I started taking L-Argenine for some added stamina in the you know what department and found out that this totally cured my IBS diahrea problem to the point where I just started getting very confident going out and even eating at restaurants. As happy as this sounds, after 8 months of taking the supplement I started having a nagging pain in my colon and my big toe hurt real bad for a few days. I read that L-Argenine can lead to Gout somewhere and that pain on your big toe is one of the main symptoms. I have been off the L-Argenine for 6 days and my colon pain is almost non exhistent. Damn, just when I thought I found my miracle cure something else goes wrong. I kept taking the L-Argenine for a couple of months hoping that the colon pain was something else. Doctors don't know ####, because I explained all this to mine and he didn't have a clue. He said to keep taking the L-Argenine. My question is, Has anyone tried this and have they experienced colon pain while on L-Argenine.
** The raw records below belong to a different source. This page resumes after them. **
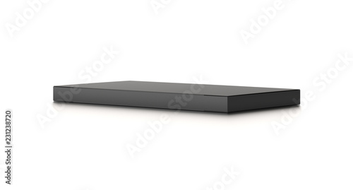 Black horizontal thin blank box from top side far angle. 3D illustration isolated on white background.
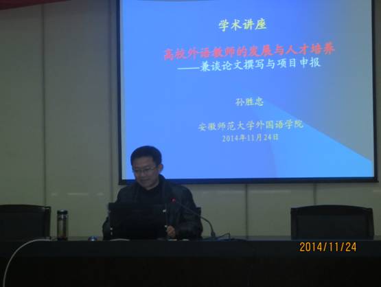 应伟德国际bevictor1946邀请,安徽师范大学伟德国际bevictor1946院长、博士,博士生导师、教育部留学回国人员基金评审组专家,安徽省外国语言文学学会会长,省高等学校中青年学科带头人孙胜忠教授于11月24日下午在学术会议中心第五会议室为伟德国际bevictor1946教师及部分学生作了题为“高校外院教师的发展与人才培养—兼谈论文撰写与项目申报”的专题报告会,报告会由洪流副院长主持。
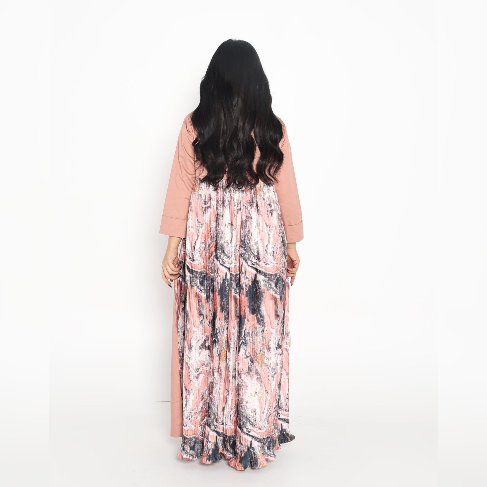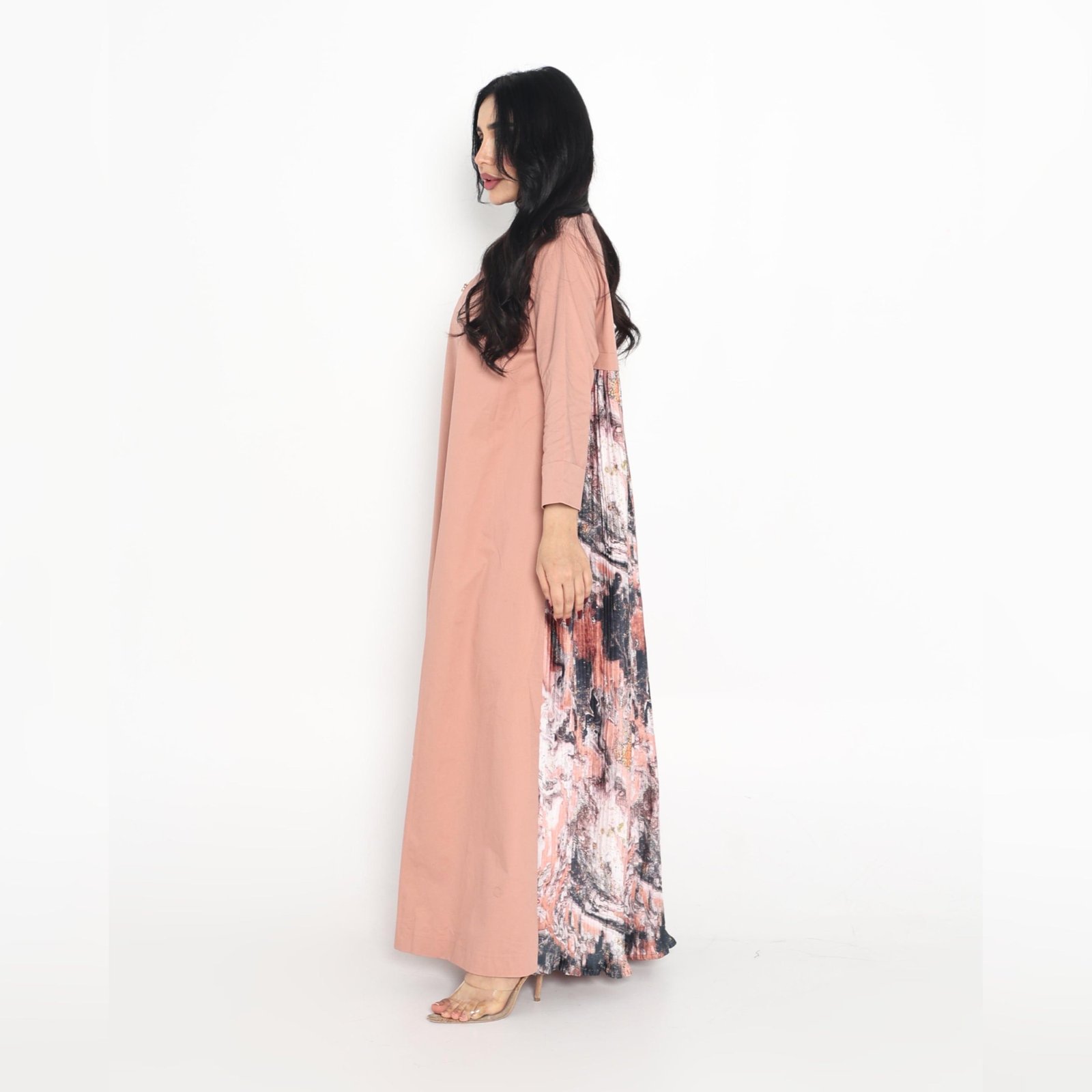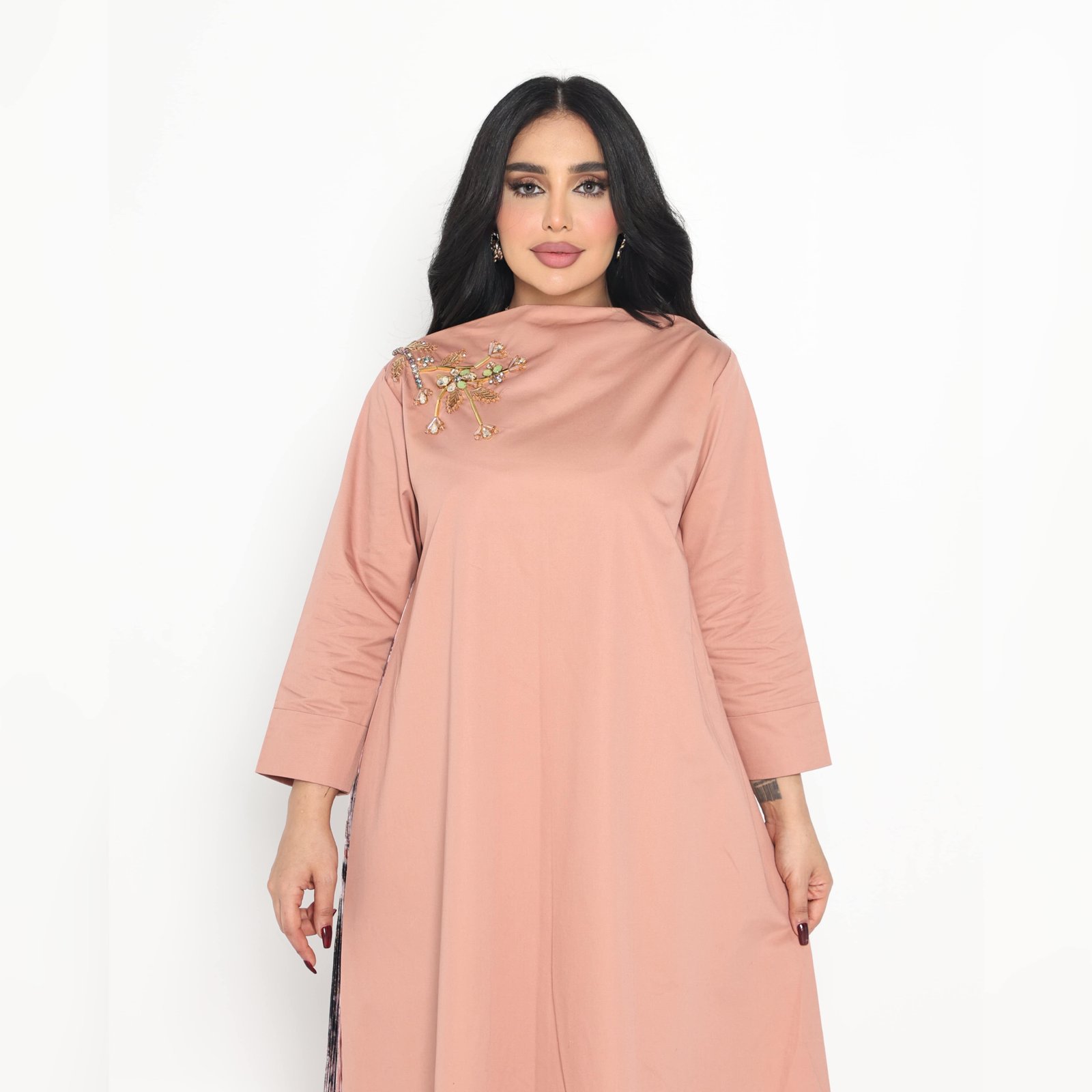 تميزي بإطلالة ساحرة وأنيقة لا تنسى مع هذا الفستان الفريد من نوعه مع دراعة استقبال مع شك جينز ماكس مارا من الأمام وحرير ملون من الخلف
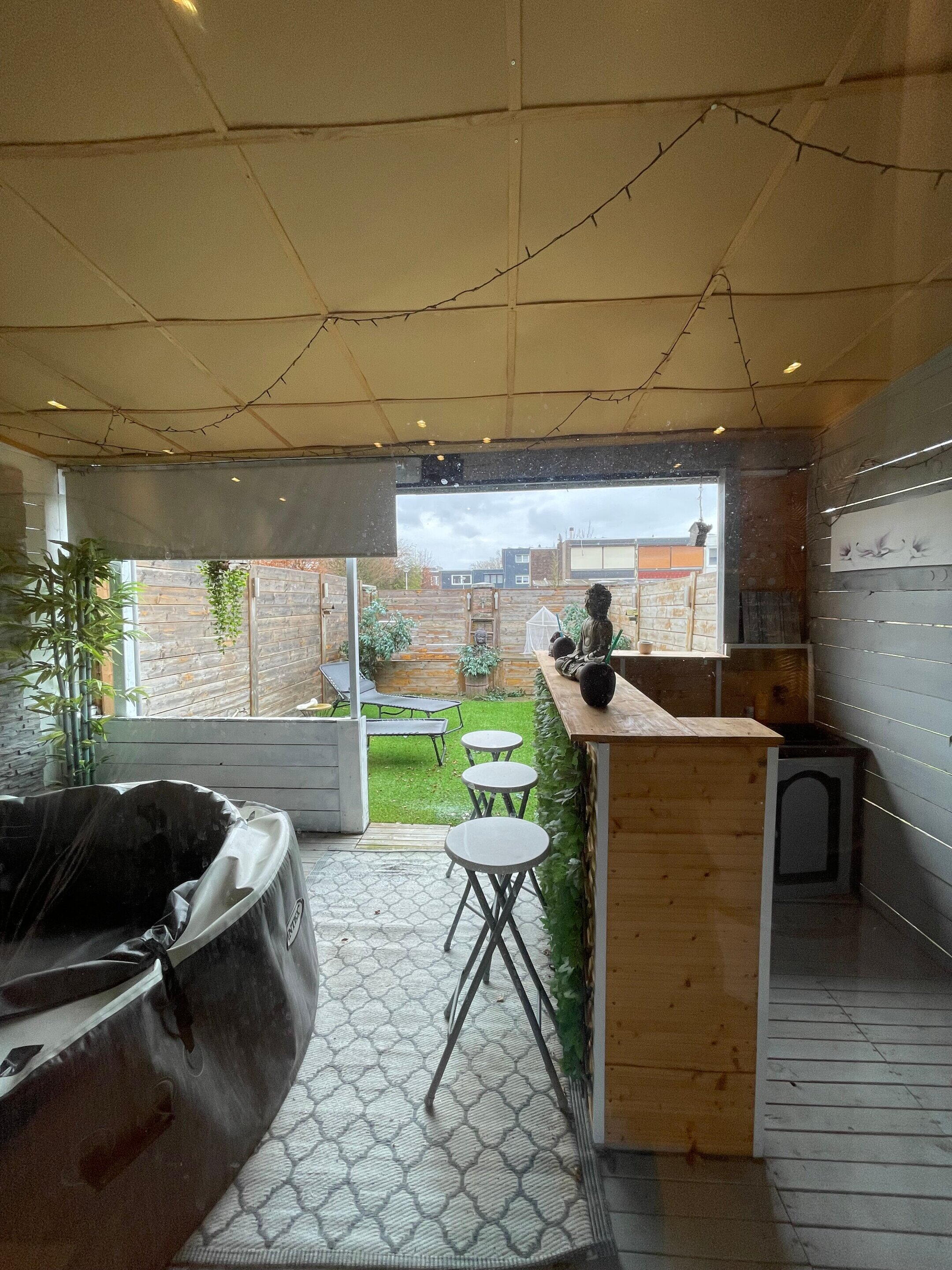 De vrijstaande externe berging is geschikt voor opslag of het stallen van fietsen.
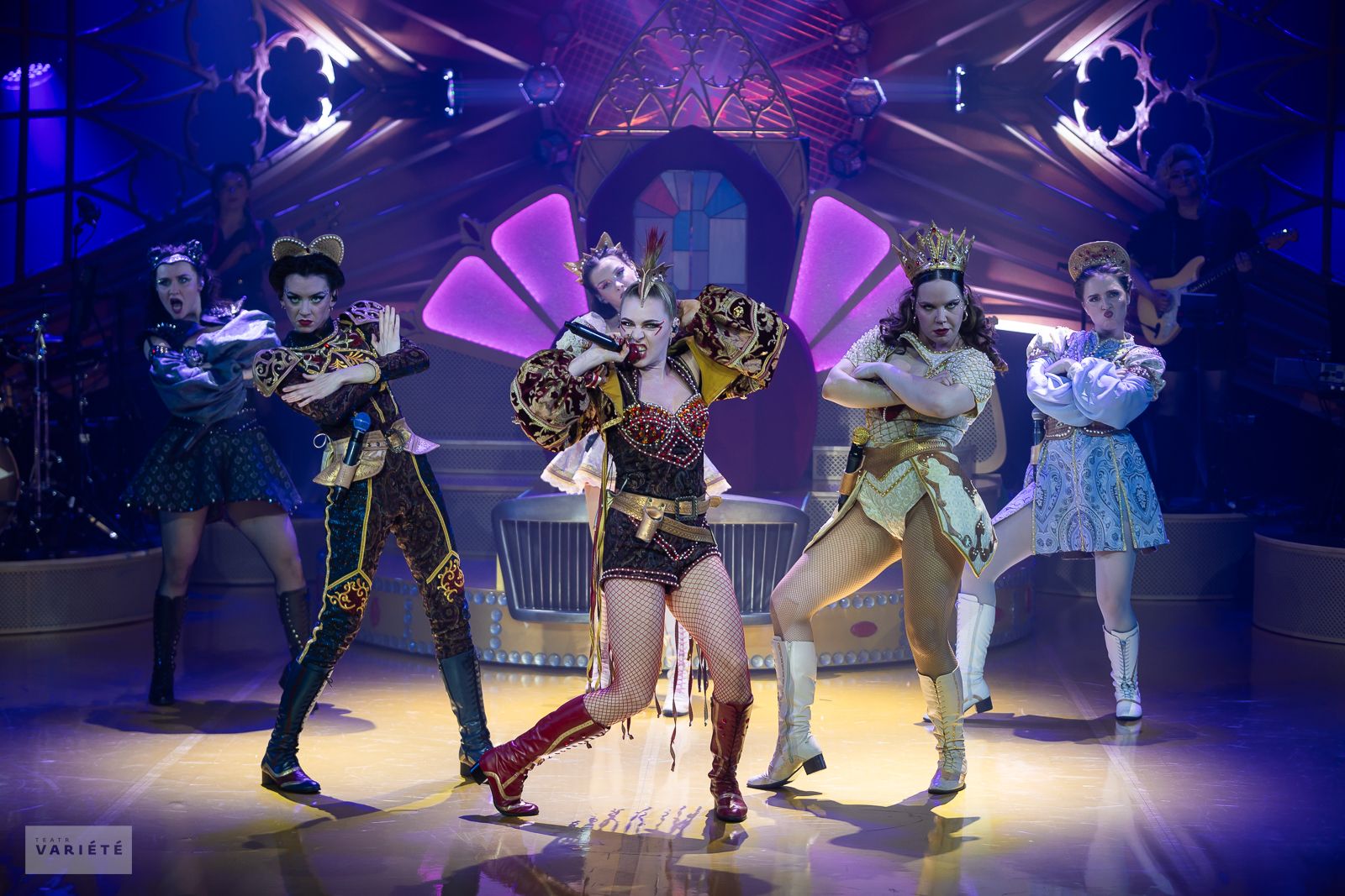 Reżyserce Katarzynie Chlebny udało się sprawić, że przez cały czas na scenie coś się dzieje, że karuzela kręci się szybko i intensywnie. Piosenki w przekładzie Jacka Mikołajczyka brzmią dobrze i choć całość nie skleja się w jakąś osiową fabułę, tylko brnie od opowieści do opowieści, wszystko wygląda spójnie i pasuje do konwencji. Warto pochwalić szaloną scenografię i kostiumy, które także znakomicie wpasowały się w klimat autorstwa Łukasza Błażejewskiego (te świecące staniki to majstersztyk!) oraz znakomitą reżyserię światła, za którą odpowiadał Wojciech Wąs. W kilku momentach naprawdę światło robiło kapitalną robotę. Z kolei choreografia Barbary Olech, choć energetyczna i dość widowiskowa, nie była szczególnie oryginalna i poza kilkoma oczywistymi gestami (nawiązującymi do ścięcia) nie miałem wrażenia, by starała się budować jakieś dodatkowe piętro znaczeń. Była po prostu dobrą choreografią koncertową, którą spokojnie mogliby zatańczyć tancerze na kilku innych koncertach gwiazd i do kilku innych utworów. Z drugiej strony - gdyby była zbyt skomplikowana i wyszukana utrudniłaby śpiewanie, które przecież jest tutaj w centrum. Mimo wszystko mam jednak w tym względzie chyba najbardziej uzasadniony niedosyt.

I started to get scared because the pain would come and go for months. Let me know your L-Argenine experience. It also helped with my anxiety too.


----------



## crstar (Jun 29, 2009)

have u researched this amino-acid..??........it sounds like there is a uric acid issue.......some aminos, if the body processes r skewed, can lead to uric acid excess..........what can help this, is to increase stomach acid, hydrochloric acid.............when this very necessary stomach acid is in short supply, it can cause digestive problems, low saturated oxygen in the blood & tissues & an accumulation of toxins, one of them is uric acid.........these toxins can settle in body parts & cause trouble............i would find out the pathways of this amino & how it could lead to uric acid excess..........the kidneys could b involved, too.....they r suppose to excrete excess uric acid & other toxins............


----------



## Hester (Jul 5, 2009)

Although I hate Polypharmacy. There is an Rx drug to relieve gout. Perhaps you need to see an MD who is also an ND to get an accurate answer on this one or find a good PharmD and ask them. I am trying Lysine and seem to see some benefit to my mucus membranes. But I suffer from recurrent Stevens Johnson Syndrome which has very few treatment alternatives. (This is what I think caused the IBSD and SIBO). I actually have tried taking Benadryl after reading the thread about the Mast cells found in the gut lining of IBS sufferers. It does really seem to help. I have not tried any amino acids but do take glutamine powder and extra mineral supplements.


----------



## JackReynolds (Mar 31, 2010)

How much L-Arginine have you been taking? It's listed as an ingredient in a whey protein powder I like and a pre-workout energy drink I use. I'd hate to be setting myself up for gout problems.Anyway, the energy drink mix advises consumers to drink at least a gallon of water a day, which I can usually do. Perhaps someone here can comment on gout, arginine, and hydration.That being said, I'd encourage you to find a doctor or researcher whose curiosity is piqued by l-arginine curing your IBS-D and who is up to the challenge of finding something you can take/do that has the same effects without the gout. Magnesium, for instance, is also a vasodilator like l-arginine. I suspect that's why my pre-workout energy drink (NO-Xplode) contains 300-some milligrams of the stuff. I know that magnesium is known around these parts as a laxative, but that's not entirely accurate. It's true that magnesium that doesn't get absorbed in the small intestine causes your stool to retain water and run through you quickly. But you can get around that by taking smaller doses of more easily absorbed forms like magnesium taurate or magnesium glycinate.Anyway, don't give up. It sounds like you could be cured if you get the right help.


----------



## This wouldn't be an issue (Jun 28, 2009)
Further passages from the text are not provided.